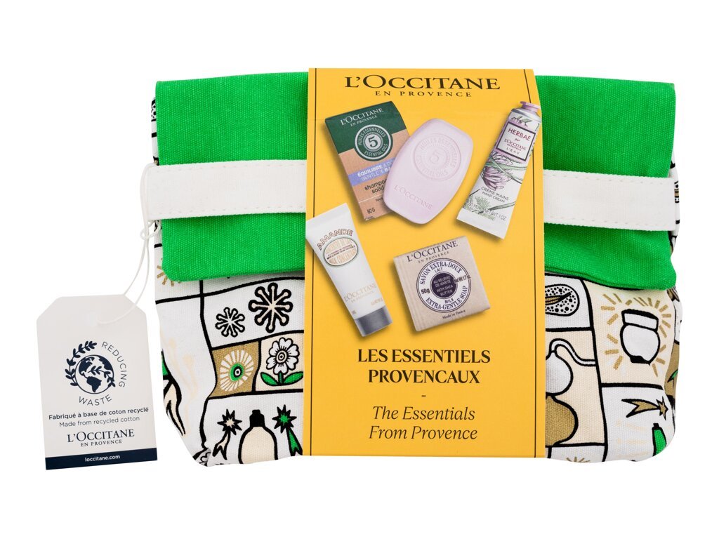 L'Occitane The Essentials From Provence tuhý šampon Gentle & Balance Solid Shampoo 60 g + tělový krém Almond Milk Concentrate 20 ml + tuhé mýdlo Milk Extra-Gentle Soap 50 g + krém na ruce Herbae L´Eau Hand Cream 30 ml + kosmetická taštička
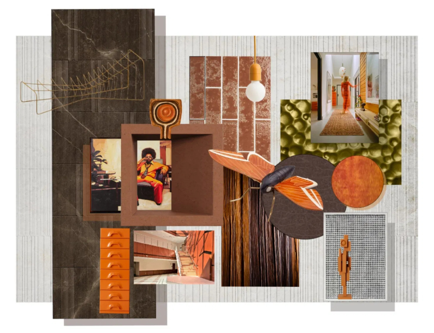 Burnt Amber explores a warmer register of modern interiors, where spiced orange tones, deep woods and olive accents come together through texture rather than ornament. The moodboard balances structured geometry with tactile surfaces — ribbed tiles, patinated finishes and layered materials — creating spaces that feel grounded yet expressive. Architectural references sit alongside sculptural details, suggesting interiors shaped by material memory, warmth and a quiet sense of character rather than overt nostalgia.
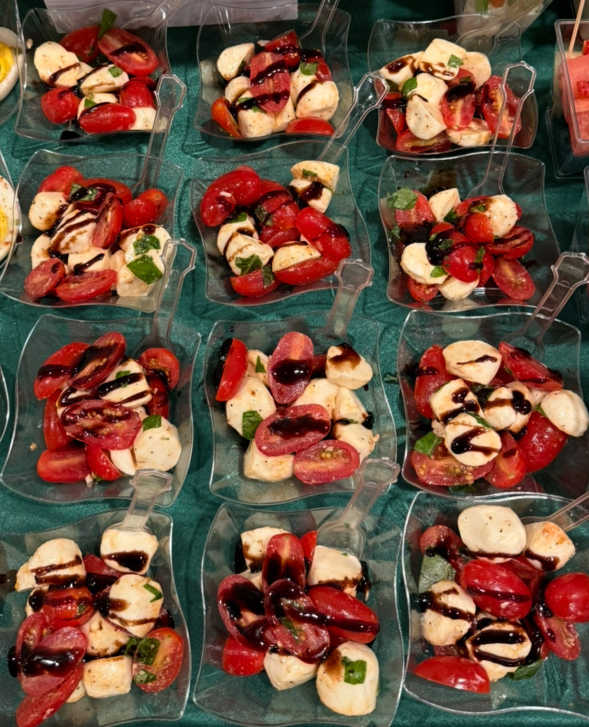 Salad. Mozzarella, tomato, basil, balsamic glaze. Small 20-30 servings Medium 35 - 45 servings Large...

> [Problem statement] Reproduce the listing above from the line that contains "Burnt Amber explores" through its final line, exactly and with nothing added. Omit the images.

> [Response to this task]
 Burnt Amber explores a warmer register of modern interiors, where spiced orange tones, deep woods and olive accents come together through texture rather than ornament. The moodboard balances structured geometry with tactile surfaces — ribbed tiles, patinated finishes and layered materials — creating spaces that feel grounded yet expressive. Architectural references sit alongside sculptural details, suggesting interiors shaped by material memory, warmth and a quiet sense of character rather than overt nostalgia.
 Salad. Mozzarella, tomato, basil, balsamic glaze. Small 20-30 servings Medium 35 - 45 servings Large...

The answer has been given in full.